New week, new TCJ. Mat Colgate writes in with a report from a crowded-sounding ELCAF:
The East London Comic and Arts Festival (ELCAF) is now in its third year (but its first time at the Oval Space, which might explain the capacity difficulties). Organized by the good folk of Nobrow press – they of plush and colorful releases from artists such as Jesse Moynihan, Kyle Platts and Blexbolex – it aims to “showcase the plethora of talent in the comics and graphic art scene in London and the UK and also to bring something fresh to our locals by drawing talent from abroad to take part in the event.” On the evidence of last week’s show it was mission accomplished: the exhibition space was heaving. Bodies jostled against each other politely in the near tropical heat, fingering sweat fogged pamphlets, queueing for autographs from, amongst others, Seth and Chris Ware, both of whom gave talks later on in the day. The crowd were young, oft bearded and wearing some frankly baffling t-shirts, and if there’s a better advert for the vitality and vigor of the underground comics scene then I’ve never seen it. It was a heart-warming sight, only slightly tempered by the sheer amount of folk one had to squeeze past to get to the tables. But, hell, I’d sooner have a bit of mare because of overcrowding than a total downer due to lack of interest.

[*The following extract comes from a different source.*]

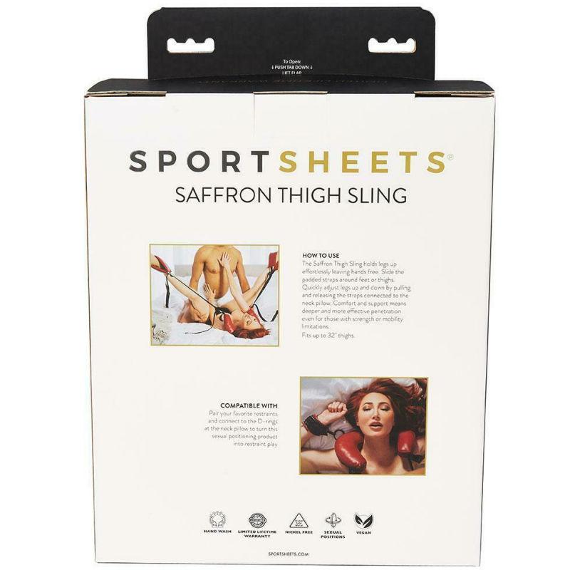 Mit dieser benutzerfreundlichen Schlinge können Sie in der perfekten Position bleiben und die besten Eindringwinkel erzielen Die weiche Nacken und Beinstütze bietet bequeme Kissen beim Zurücklehnen, während die Haltegurte Ihr eigenes Körpergewicht nutzen, um Ihre Oberschenkel hoch und kräftig zu halten. Weder Sie noch Ihr Partner müssen diese Beine mehr mit den Händen hochhalten, sodass sie sich frei zu anderen Körperteilen bewegen können. Wickeln Sie die bequemen Beinstützen um Ihre Oberschenkel oder legen Sie Ihre Füße wie Steigbügel hinein. Mit zurückgezogenen Beinen kann Ihr Partner tiefer vordringen und immer die richtige Stelle treffen, was für Sie beide zu einem befriedigenderen Erlebnis führt Die Nackenstütze sorgt dafür, dass Sie eine bessere Sicht als je zuvor haben. Der Saffron Thigh Sling hält die Beine mühelos hoch und lässt die Hände frei. Schieben Sie die gepolsterten Riemen um die Füße oder Oberschenkel. Durch Ziehen und Lösen der mit dem Nackenkissen verbundenen Gurte können Sie Ihre Beine schnell nach oben und unten verstellen. Komfort und Unterstützung bedeuten ein tieferes und effektiveres Eindringen, selbst für Personen mit Kraft oder Mobilitätseinschränkungen. Passend für Oberschenkel mit einem Umfang von bis zu 32 Zoll (81,2 cm). Weiche Nacken und Beinauflage Ermöglicht die besten Eindringwinkel Material Nickelfreies Metall, Schaumstoff, ABSKunststoff, Polyurethan

And the great caricaturist and cartoonist Drew Friedman is here with a short essay explaining how he chose his subjects for his upcoming book of portraits, Heroes of the Comics. Here’s a sample:
The series kicked off with the great comics artist Will Elder and evolved from there. Shortly after Will died, his son-in-law Gary contacted me and asked if I would create a portrait of Will as a gift for Will’s daughter, Gary’s wife Nancy. They were very pleased with the result, (which is included in the book), so I decided to create a companion piece, a portrait of Will’s long time collaborator, the brilliant creator of MAD, Harvey Kurtzman, who had been my instructor at the School of Visual Arts. I was happy with the portrait and a limited edition print was made, which quickly sold out. I felt I might be on to something and decided to paint portraits of all the original MAD comic book artists including Jack Davis, Wally Wood, and John Severin, and also planned to release them as prints. I then added all of the EC artists (I’m a lifelong EC fan), and I realized I had the possible makings of a book, The Legends of EC Comics. It soon became apparent that depicting only EC artists would be too limited, so I expanded the idea to portraits of Legendary Comic Book Artists, centering on the early pioneers of comic books, those who entered the field during the first twenty years of its existence (mid-1930s to mid-1950s), and were virtually responsible for inventing the medium.
And last but also least, some comics people are arguing about this article making the case for “more shit-talking” in comics. I don’t know the full context, so I am probably missing something important, but it seems to be burying a worthy and unexceptionable point (comics professionals should be openly self- and industry-critical) under a mountain of ego gratification and eye-roll-prompting boneheadedness, starting but not ending with the initial premise of “embracing [shit-talking] as a label” as if it was the same thing as the LGBT community reclaiming the word queer or something, as opposed to a distracting way to (inadvertently?) make your own arguments look pointlessly idiotic and not worth paying attention to. Again, the point that creators and industry figures should be willing to take and make intelligent critical comments seems inarguable; the question is whether you want the criticism to prompt positive change or whether you’d rather just enjoy starting a bunch of unproductive internet drama while stroking yourself. Maybe I’m misunderstanding what’s going on, but that way of framing things guarantees that I won’t be the only one to do so.